So it really comes down to what you want to focus on. If it's full-tilt descending, then go FR. If it's versatility between hard descending and plentiful climbing, the Reign may be more your style.

I do lots of up and downs on my older Big Hit, which is a single ring that weighs in about 40 lbs. But I have friends who refuse to do any climbing with it when I let them borrow it. It just doesn't suit their climbing style.

Trying before you buy--even if it's just a parking lot test--might give you some insight. Play with the seat posts and the gears to see if they'll suit the majority of your riding.


----------



## zdubyadubya (Oct 5, 2008)

if you are worried about the reign's capabilities, remember that it DOES have six inches of travel, is a very capable/stable bike and the reign SX (a pure bred park bike) is based off the same frame. i say get the reign x and if you feel you need a little bit more stability in the chop, sell the fork and put on a lyrik or domain. with that combo, the bike will be able to handle anything you throw at it.

my vote is for the reign. you will get very sick of pedalling any heavy bike without a granny gear very very quickly.


----------



## greengreer (Dec 4, 2007)

If you are a gravity oriented rider, go big hit with a 34t chainring and 11-34t cassette. If you can't pedal it, walk it. 

If you are more of an all around type, the reign x's are great bikes. You will be giving up a little bit in the DH stuff but it will certainly be a more efficient climber.


----------



## c6corvettezo6 (Mar 18, 2008)

*Reign X1*

I was in the same position as you and opted for the Reign X1 and haven't looked back. I love everything about it and it can take anything I have thrown at it. It pedals great. I did Slickrock with some friends on XC bikes and was just as fast and had a lot more fun.:thumbsup:


----------



## OntarioBiker28 (Feb 22, 2010)

How's the Kona Stinky Six's climbing capability? And what do you guys think about it's components, does it seem like a good deal for $2100?


----------



## Uncle Six Pack (Aug 29, 2004)

greengreer said:


> If you can't pedal it, walk it.


We call that foot-shuttling.


----------



## essenmeinstuff (Sep 4, 2007)

reign x is 6.7" travel, geo is 1deg steeper HA, lower slung frame.

If the choice is between the stinky six and the reign x, I'd go with the reign x.

It will ride better for AM duties and will likely beat out the stinky for DH too. 

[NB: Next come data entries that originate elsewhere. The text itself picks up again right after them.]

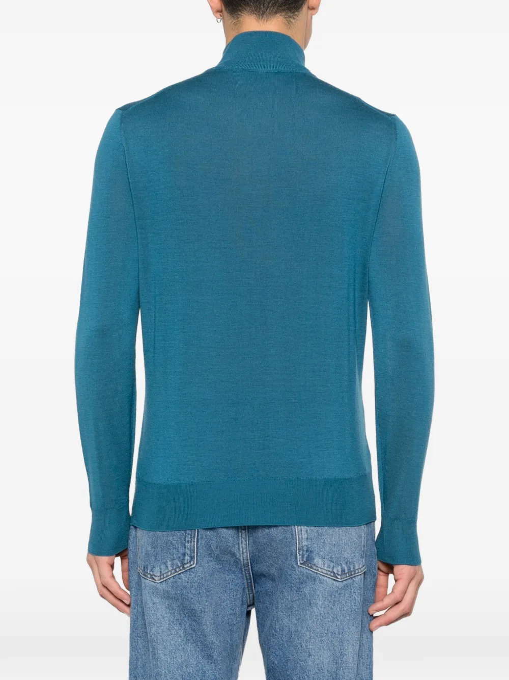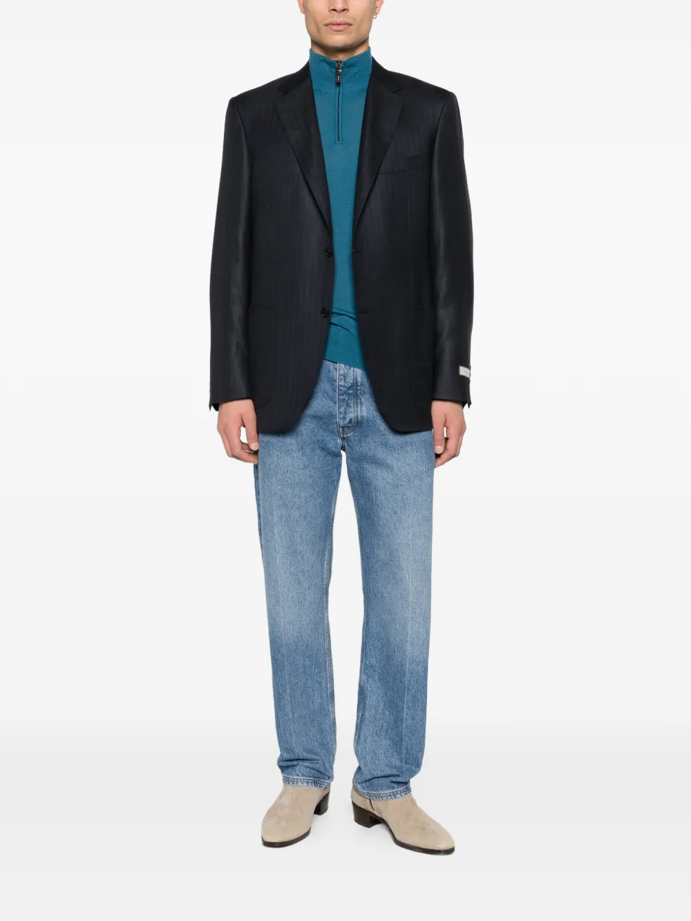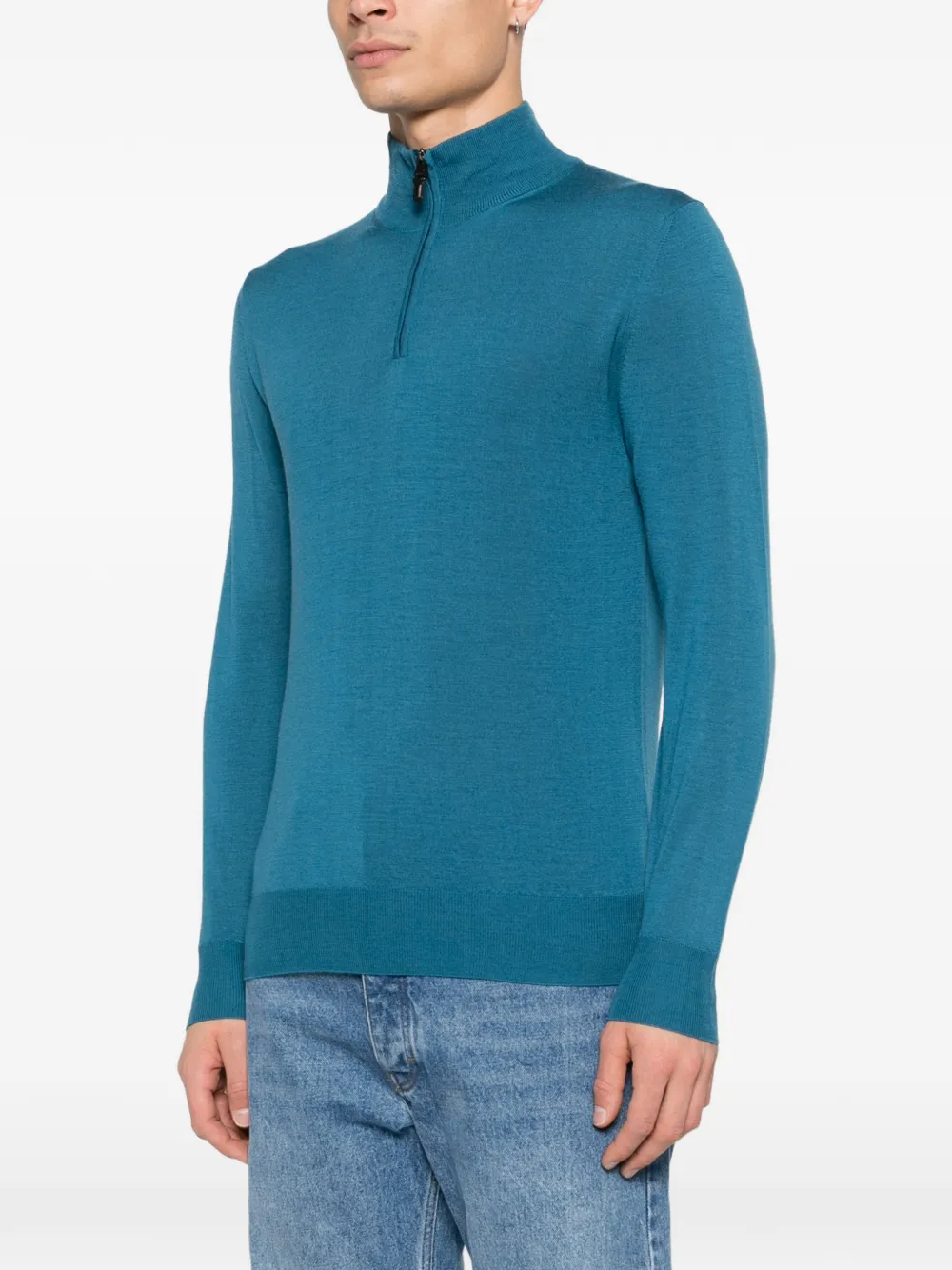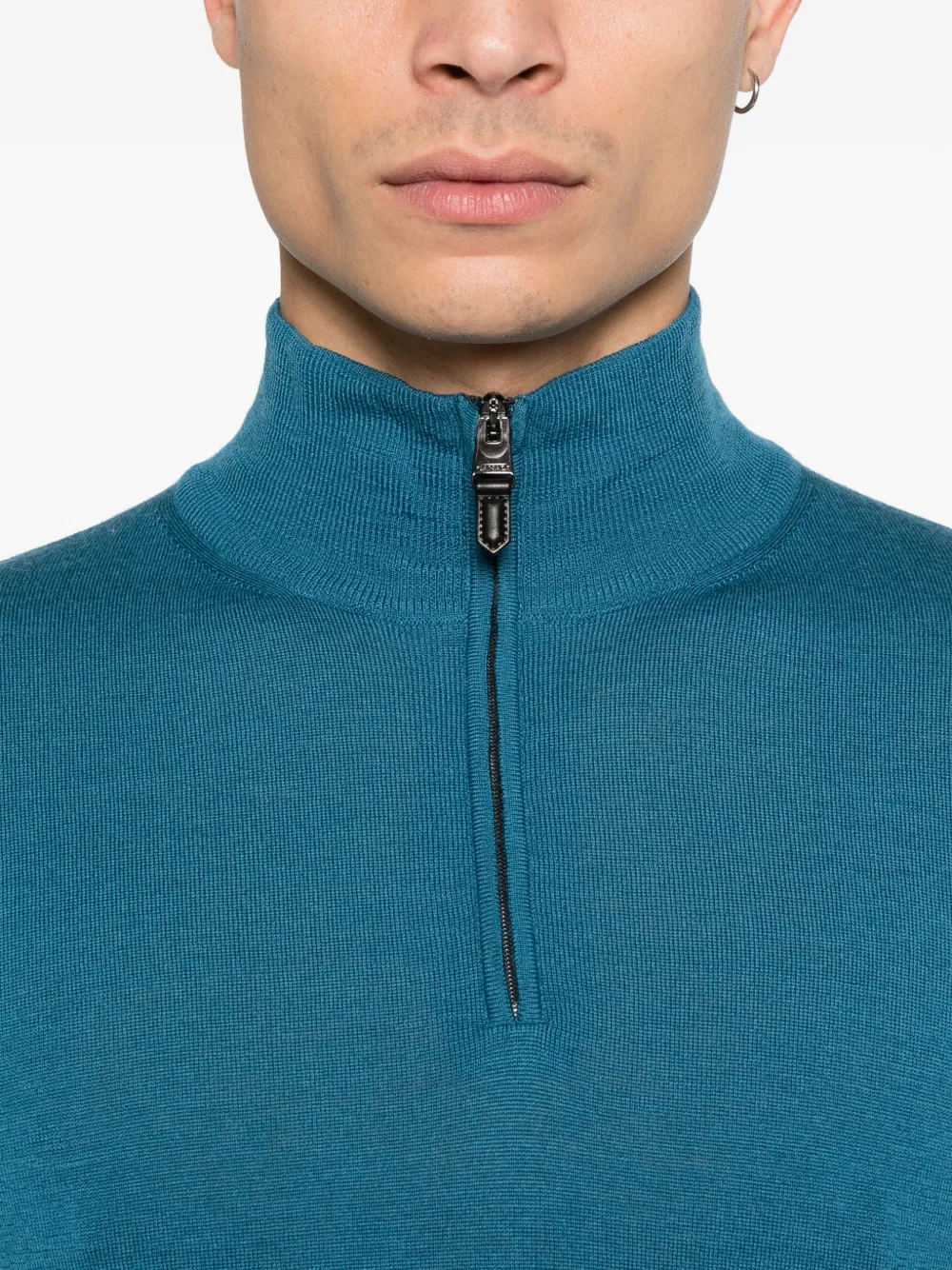 Синий, застежка-молния спереди, длинные рукава, ребристый край, ребристые манжеты
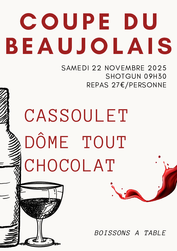 Infos supplémentaires : SHOT GUN A 9H30 ET REPAS OBLIGATOIRE |
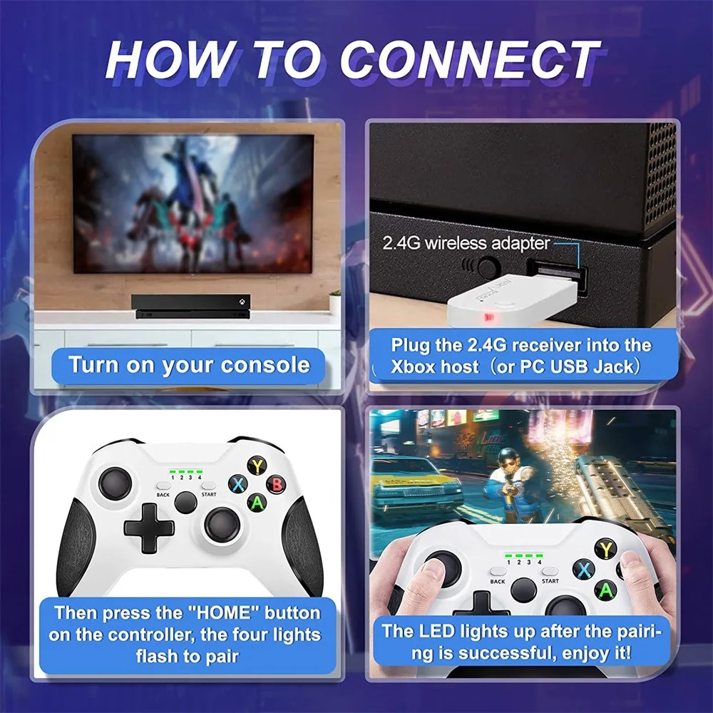 1. Подключите блок питания X-box one host, видеовыход и другие провода. Затем включите выключатель питания хоста, на хосте есть соответствующий индикатор питания, затем подключите usb-разъем к проводной ручке X one к usb-интерфейсу на хосте X one. На рукоятке будет гореть четырехканальный индикатор.
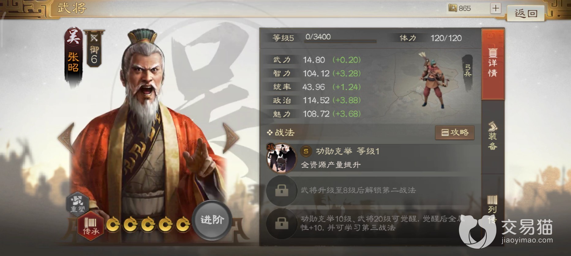 虽然张昭传承战法有不错的功能型,群体谋略伤害外加降智降武,但一般我们并不用他来出战,所以也不用上这个战法。张昭特性还能提升寻访速度、招兵游兵的速度。因此我们再搭配其它2种战法的时候,也是从资源获取和招兵速度方面下手。

Unless you're riding WC DH courses it will be handle DH no problem, esp under a skilled pilot.


----------



## OntarioBiker28 (Feb 22, 2010)

^Thanks man, I think I'm going to go with the 2010' Giant Reign X2.


----------



## abowman (Feb 8, 2010)

Are you talking Blue Mountain in Pennsylvania? Or is there another in Ontario?


----------



## mykel (Jul 31, 2006)

*Self-Abuse NOT necessary.*

Go with the Reign. The Hit is way too much bike for trail riding as well as Blue. Remember a couple of years ago they ripped all the man-made stuff out. Now it is natural terrain. And remember you are in Flatario not the mountains - Blue "Mountain" has about 750 feet of vertical.

michael
tillsonburg ontario


----------



## OntarioBiker28 (Feb 22, 2010)

^Blue Mountain in Collingwood, Ontario.


----------



## OntarioBiker28 (Feb 22, 2010)

^Thank you very much, I was waiting to here from someone who has experience riding at Blue. I was thinking the Big hit was a bit to much, but I wanted a second opinion. So you think the Giant Reign X2 can handle the double black diamond trails at Blue?

Thanks
-Alex


----------



## The Dude (Jan 19, 2004)

SHIVER ME TIMBERS said:


> Big Hit...is for going downhill....weighs too much to pedal up


for you maybe.


----------



## sbchedder (Oct 31, 2009)

i pedal my bighit up hill its not that heavy


----------



## masterofnone (Jun 21, 2009)

I also have a bighit with the 24" rear tire, it's got a dual ring chaingide and boxxer. The only climbing I do with it these days is back up to the chairlift  real climbing would be better with an all mountain or freeride bike. That said, I know several guys around my area that ride their downhill and freeride bikes on cross country club rides  If you don't mind an extra two pounds or so you've got lots of choices in your price range :thumbsup:


----------